The Planewave 17″-f/6.8 (432/2939 mm) Corrected Dall-Kirkham Astrograph + Paramount MEII + STL-6303E – “Elena”

The C14 (left) and the PW17 (right) units now part of the robotic Virtual Telescope Project facility
The C14 (left) and the PW17 (right) units now part of the robotic Virtual Telescope Project facility

This unit is now named “Elena” after Elena Persichilli (1940-2016), the beloved mother of the Virtual Telescope founder. She always supported his interests in astronomy since he was a child.

The Planevawe 17″-f/6.8 (432/2939 mm) Corrected Dall-Kirkham + Paramount MEII astrograph telescope with dr. Gianluca Masi, founder of the Virtual Telescope Project.

The Planevawe 17″-f/6.8 (432/2939 mm) Corrected Dall-Kirkham Astrograph telescope with dr.

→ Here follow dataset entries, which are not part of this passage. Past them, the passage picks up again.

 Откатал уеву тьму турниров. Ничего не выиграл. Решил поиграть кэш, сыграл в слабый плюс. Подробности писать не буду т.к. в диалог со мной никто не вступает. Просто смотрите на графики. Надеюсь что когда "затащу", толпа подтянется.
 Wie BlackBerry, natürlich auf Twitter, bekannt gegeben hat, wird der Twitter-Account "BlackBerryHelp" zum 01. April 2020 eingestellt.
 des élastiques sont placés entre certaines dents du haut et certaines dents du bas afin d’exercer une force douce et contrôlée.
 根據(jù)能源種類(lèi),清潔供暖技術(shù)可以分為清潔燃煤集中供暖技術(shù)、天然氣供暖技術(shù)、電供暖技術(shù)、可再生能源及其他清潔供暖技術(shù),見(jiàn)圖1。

Gianluca Masi, founder of the Virtual Telescope Project.

The main instrument available at the Virtual Telescope is a state-of-the-art Planewave 17″ – f/6.8 (432/2939 mm) Corrected Dall-Kirkham Astrograph telescope. It offers a large corrected field of view, to provide an amazing image quality with large CCD. The OTA consists in a carbon fiber truss, giving a perfect stability against thermal variations. The tube is installed on a Software Bisque Paramount ME II robotic mount, the best hardware of this kind available in the world, while as for the detector a SBIG STL-6303E research grade CCD camera is used. A filter wheel offers the following filters by Baader Planetarium: LRGB (for color imaging) and H-alpha (bandwidth: 7nm), OIII (bandwidth: 8.5nm) and SII (bandwidth: 8.5nm) for narrowband imaging. Unfiltered images are also possible, to offer the maximum amount of light for extremely faint objects. The image scale is of 0.63″/pixel, while the mean on site seeing is of 1.8″: high resolution images of deep sky objects are well possible. The field of view (FOV) is of 32.3 x 21.6 arcminutes.

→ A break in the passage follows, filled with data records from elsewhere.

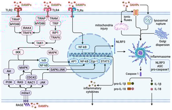 - Gong, T.; Liu, L.; Jiang, W.; Zhou, R. DAMP-sensing receptors in sterile inflammation and inflammatory diseases. Nat. Rev. Immunol. 2020, 20, 95–112. [Google Scholar] [CrossRef] [PubMed]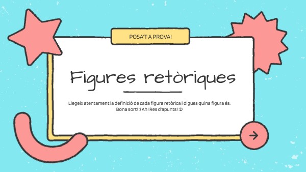 Llegeix atentament la definició de cada figura retòrica i digues quina figura és. Bona sort! :) Ah! Res d'apunts! :D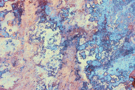 Luxurious abstract background of rich multicolored harmonious shades. Corroded metal background. Oxidized metal, enamel, rusty metal texture, surface with rust streaks and scratches. Soft focus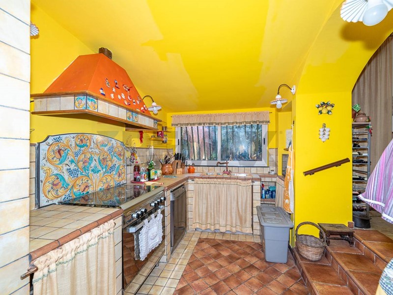 Limmobile, libero su quattro lati, accoglie con un ampio spazio esterno carrabile, che consente un comodo accesso con autovettura, affiancato da un utile garage e da aree esterne curate, ideali per momenti di relax allaria aperta. Una postazione terrazzata riservata diventa il luogo perfetto per godere della tranquillità della zona, tra silenzi e profumi mediterranei.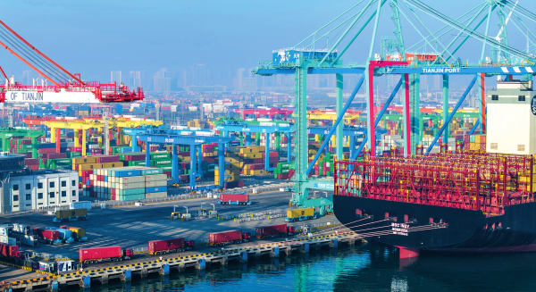 天津市港航管理局数据显示,天津港口集装箱吞吐量由2022年的2102万标准箱提升至2024年的2329万标准箱,集装箱航线由140条提升至148条,新开通美东、南美东等远洋直航航线;智慧港口“津港通”平台基本建成;港口绿电发电能力超3.2亿千瓦时,装机容量147兆瓦,较2022年提升4倍……天津港正从“货物通道”向集物流、贸易、服务于一体的“综合经济枢纽”转型。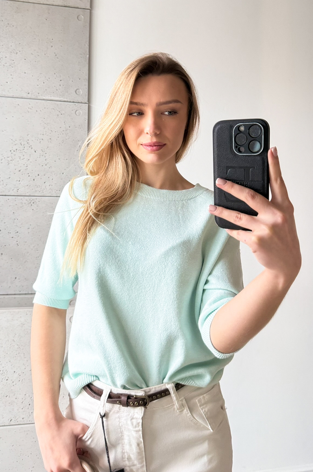 Sweterek RAGLAN WISKOZA mięta129.00 zł Najniższa cena towaru, która obowiązywała w okresie 30 dni przed zastosowaniem obniżki: 129.00 zł Opis Bluzka-sweterek z krótkim rękawem. Milutka dla ciała, wyglądająco zjawiskowo i elegancko. ZASADY KONSERWACJI : PRANIE W 30 STOPNIACH.

The large aperture make possible very deep imaging, useful to detect really faint objects, like small asteroids or faint variable stars. The period error is of about 1″ peak-to-peak, so unguided exposures are easily possible at full resolution with integration time of five minutes or so. This is very important for survey works, where saving the time otherwise needed to look for a suitable guiding star means more observing and discovering chances. The pointing accuracy shows a better than 5″ RMS all-sky error. The whole system is controlled by the state of the art TheSkyX suite, with TPoint and Camera add-ons.

Some applications: the large, corrected FOV makes this unit unmatched for breathtaking images, as well has large objects imaging (like bright comets, galaxies and nebulae), while the large aperture makes possible good time-resolved photometry on stars fainter than mag. 18(!) and astrometry of objects fainter than mag 23.0. The observing site offers a SQM better than 21.5.

The Minor Planet Center’s observatory code associated to our facility in Manciano, Italy, is M50 – Virtual Telescope Project.